- Information given
================================
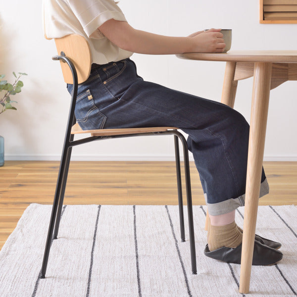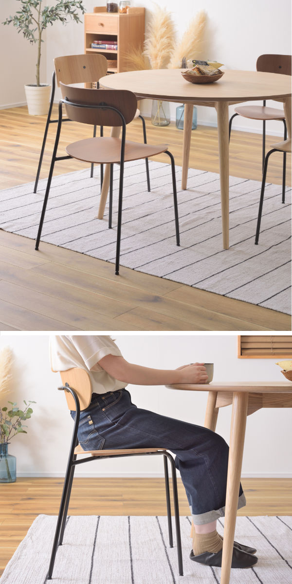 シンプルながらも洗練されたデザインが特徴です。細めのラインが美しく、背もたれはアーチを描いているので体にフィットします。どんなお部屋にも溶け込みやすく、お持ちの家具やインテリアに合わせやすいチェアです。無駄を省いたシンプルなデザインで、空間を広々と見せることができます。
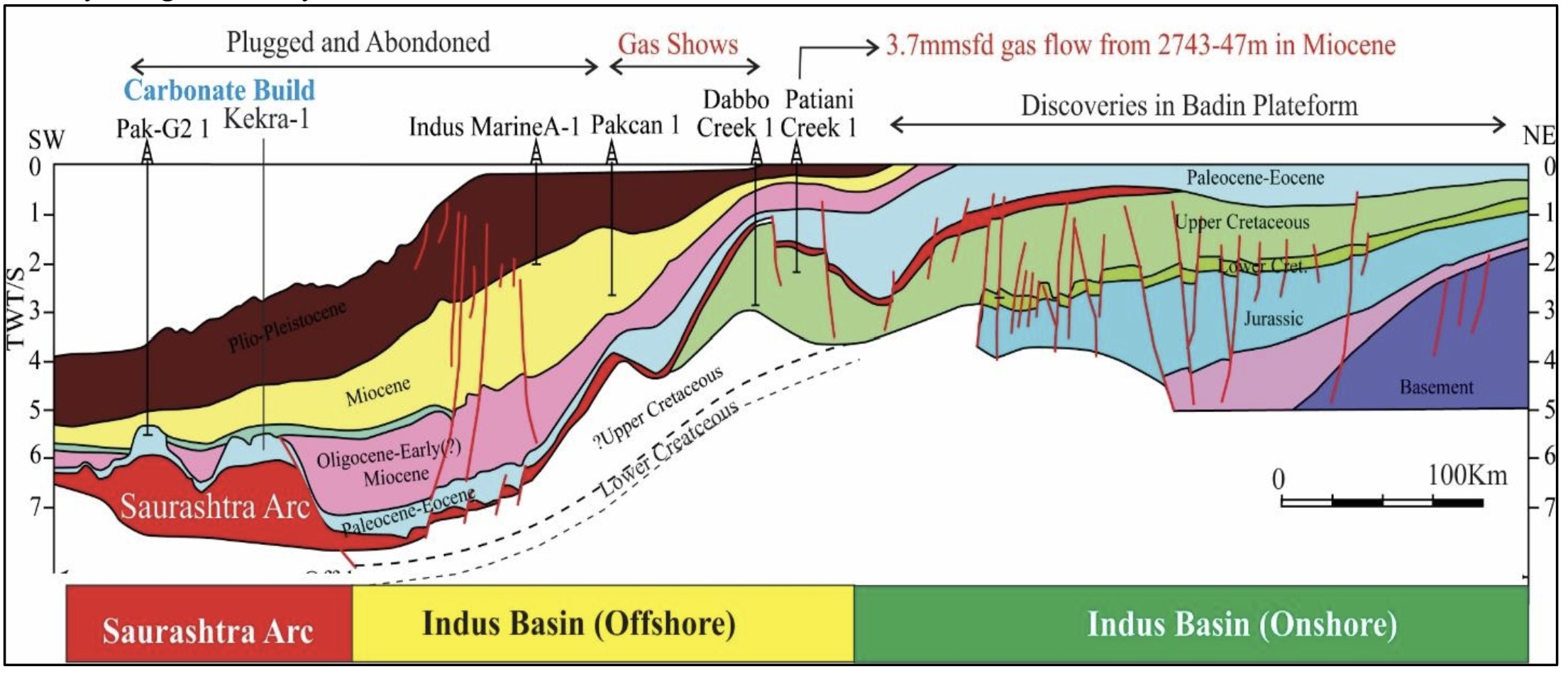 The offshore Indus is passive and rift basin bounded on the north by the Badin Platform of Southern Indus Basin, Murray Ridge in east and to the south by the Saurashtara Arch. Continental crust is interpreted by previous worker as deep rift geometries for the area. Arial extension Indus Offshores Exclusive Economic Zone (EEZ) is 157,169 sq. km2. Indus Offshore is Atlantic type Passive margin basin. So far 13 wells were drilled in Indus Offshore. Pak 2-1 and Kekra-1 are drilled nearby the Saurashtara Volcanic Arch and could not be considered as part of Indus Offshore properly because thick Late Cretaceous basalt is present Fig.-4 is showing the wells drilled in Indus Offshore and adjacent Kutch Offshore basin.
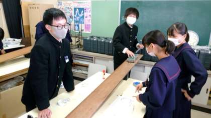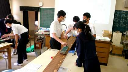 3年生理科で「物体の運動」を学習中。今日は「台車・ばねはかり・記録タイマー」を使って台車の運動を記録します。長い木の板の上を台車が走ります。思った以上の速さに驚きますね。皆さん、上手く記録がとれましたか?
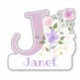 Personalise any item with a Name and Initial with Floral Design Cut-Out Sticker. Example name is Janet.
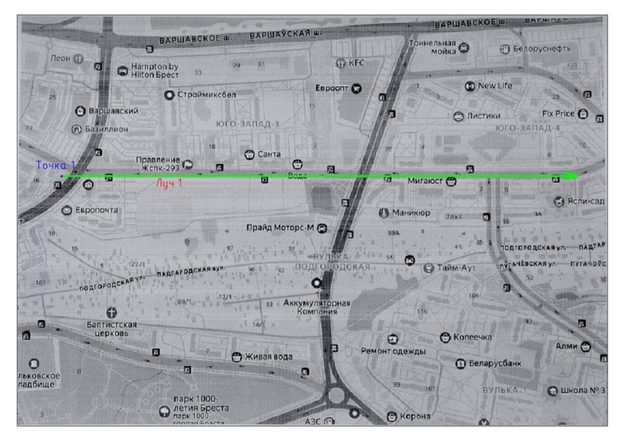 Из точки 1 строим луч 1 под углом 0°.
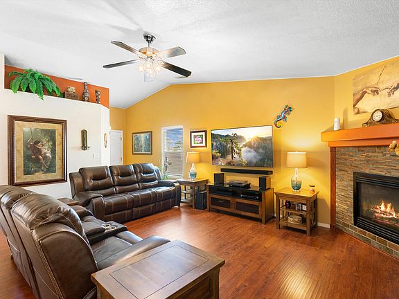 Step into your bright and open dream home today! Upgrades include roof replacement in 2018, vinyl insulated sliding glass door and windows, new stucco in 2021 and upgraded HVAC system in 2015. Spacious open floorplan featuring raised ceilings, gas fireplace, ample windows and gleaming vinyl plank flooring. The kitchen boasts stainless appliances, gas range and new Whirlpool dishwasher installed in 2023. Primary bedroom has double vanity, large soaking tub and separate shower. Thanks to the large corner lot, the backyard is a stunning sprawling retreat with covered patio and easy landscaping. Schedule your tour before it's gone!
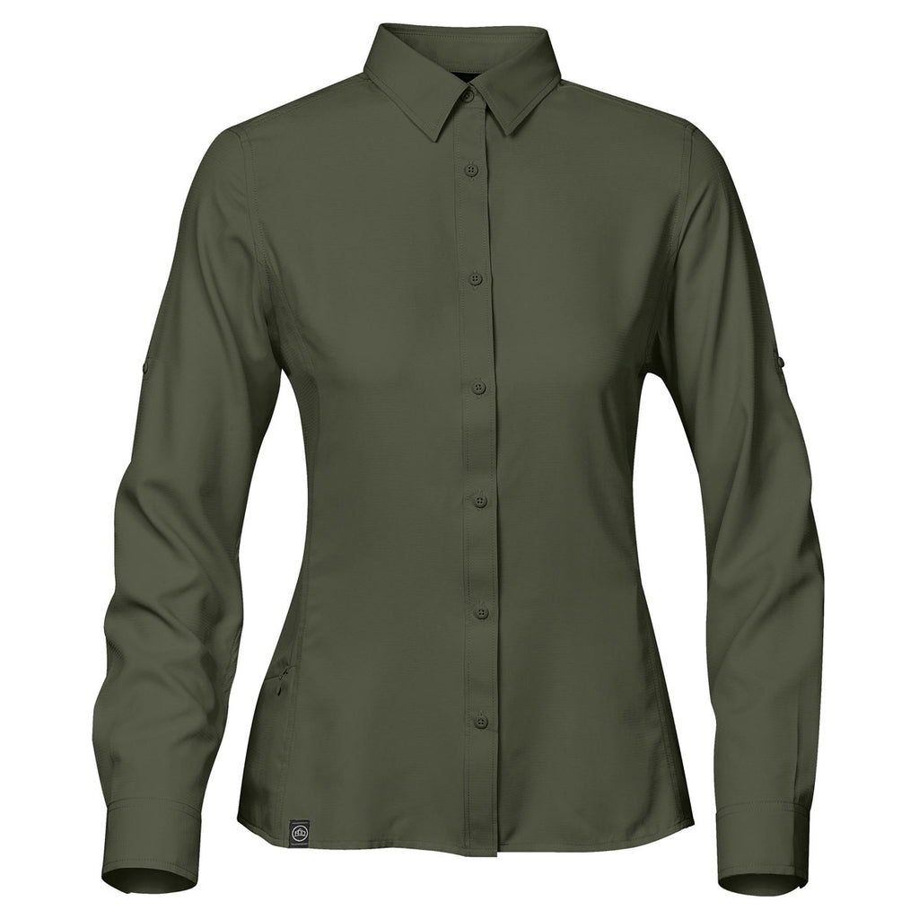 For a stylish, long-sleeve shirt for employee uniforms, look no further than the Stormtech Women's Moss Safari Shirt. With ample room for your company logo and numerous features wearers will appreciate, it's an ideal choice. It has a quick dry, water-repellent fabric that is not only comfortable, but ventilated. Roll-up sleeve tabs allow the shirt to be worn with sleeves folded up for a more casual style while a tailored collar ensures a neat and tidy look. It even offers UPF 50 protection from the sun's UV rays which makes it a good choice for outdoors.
================================
- Problem description
Will you restate every entry word for word and omit the images?

- Output for this exercise
 シンプルながらも洗練されたデザインが特徴です。細めのラインが美しく、背もたれはアーチを描いているので体にフィットします。どんなお部屋にも溶け込みやすく、お持ちの家具やインテリアに合わせやすいチェアです。無駄を省いたシンプルなデザインで、空間を広々と見せることができます。
 The offshore Indus is passive and rift basin bounded on the north by the Badin Platform of Southern Indus Basin, Murray Ridge in east and to the south by the Saurashtara Arch. Continental crust is interpreted by previous worker as deep rift geometries for the area. Arial extension Indus Offshores Exclusive Economic Zone (EEZ) is 157,169 sq. km2. Indus Offshore is Atlantic type Passive margin basin. So far 13 wells were drilled in Indus Offshore. Pak 2-1 and Kekra-1 are drilled nearby the Saurashtara Volcanic Arch and could not be considered as part of Indus Offshore properly because thick Late Cretaceous basalt is present Fig.-4 is showing the wells drilled in Indus Offshore and adjacent Kutch Offshore basin.
 3年生理科で「物体の運動」を学習中。今日は「台車・ばねはかり・記録タイマー」を使って台車の運動を記録します。長い木の板の上を台車が走ります。思った以上の速さに驚きますね。皆さん、上手く記録がとれましたか?
 Personalise any item with a Name and Initial with Floral Design Cut-Out Sticker. Example name is Janet.
 Из точки 1 строим луч 1 под углом 0°.
 Step into your bright and open dream home today! Upgrades include roof replacement in 2018, vinyl insulated sliding glass door and windows, new stucco in 2021 and upgraded HVAC system in 2015. Spacious open floorplan featuring raised ceilings, gas fireplace, ample windows and gleaming vinyl plank flooring. The kitchen boasts stainless appliances, gas range and new Whirlpool dishwasher installed in 2023. Primary bedroom has double vanity, large soaking tub and separate shower. Thanks to the large corner lot, the backyard is a stunning sprawling retreat with covered patio and easy landscaping. Schedule your tour before it's gone!
 For a stylish, long-sleeve shirt for employee uniforms, look no further than the Stormtech Women's Moss Safari Shirt. With ample room for your company logo and numerous features wearers will appreciate, it's an ideal choice. It has a quick dry, water-repellent fabric that is not only comfortable, but ventilated. Roll-up sleeve tabs allow the shirt to be worn with sleeves folded up for a more casual style while a tailored collar ensures a neat and tidy look. It even offers UPF 50 protection from the sun's UV rays which makes it a good choice for outdoors.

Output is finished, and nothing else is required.